# Satellite TV



## 110515 (Mar 11, 2008)

Having purchased a motorhome from Germany there is a self seeking Oyster dish on the roof plus TV and box. It worked perfectly in Germany but I can't get a station over here. I've been told that a sky box would solve the problem. Does anyone have any ideas?


----------



## 94055 (May 1, 2005)

What satellite did it pick up in Germany? Was it Astra 1?

By the sound of it you have a receiver as you picked up something, that receiver should pick up more satellites.

What do you want to watch? If you want all of BBC 1 and 2, ITV 1 and 2 Channel 4 and 5 then yes you would probably go for a Sky box.

Take a look at this site

http://www.satelliteforcaravans.co.uk/

Good luck

Steve


----------



## 107088 (Sep 18, 2007)

OOh this is interesting, as ...

I just asked a satellite bod, and he said that all a satellite dish does is find the satellite, but it finds the satellite that the reciever tell it to. 

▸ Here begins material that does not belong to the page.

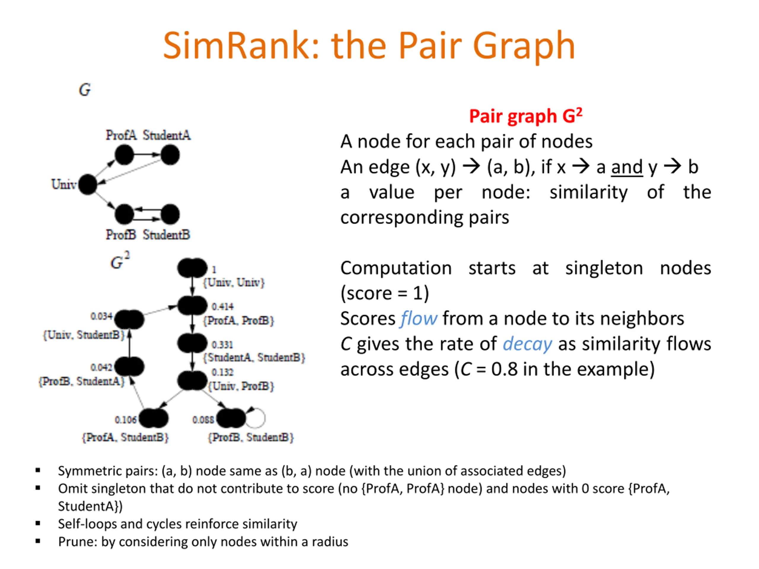 SimRank: the Pair Graph Pair graph G2 A node for each pair of nodes An edge (x, y) (a, b), if x a and y b a value per node: similarity of the corresponding pairs Computation starts at singleton nodes (score = 1) Scores flow from a node to its neighbors C gives the rate of decay as similarity flows across edges (C = 0.8 in the example) Symmetric pairs: (a, b) node same as (b, a) node (with the union of associated edges) Omit singleton that do not contribute to score (no {ProfA, ProfA} node) and nodes with 0 score {ProfA, StudentA}) Self-loops and cycles reinforce similarity Prune: by considering only nodes within a radius

But maybe not, the plot thickens.






like my gravy 8O


----------



## mrbluesky (Jul 16, 2006)

hope yours is a digital and not analogue
are oyster was analogue that could not be converted
had to bin the whole lot and changed it for a camos dome :x :x 
very happy with camos but wallet was very light for a while !!!
good luck
sure there will be someone along soon with lots of techie help
they are fantastic on here
cheers
drew


----------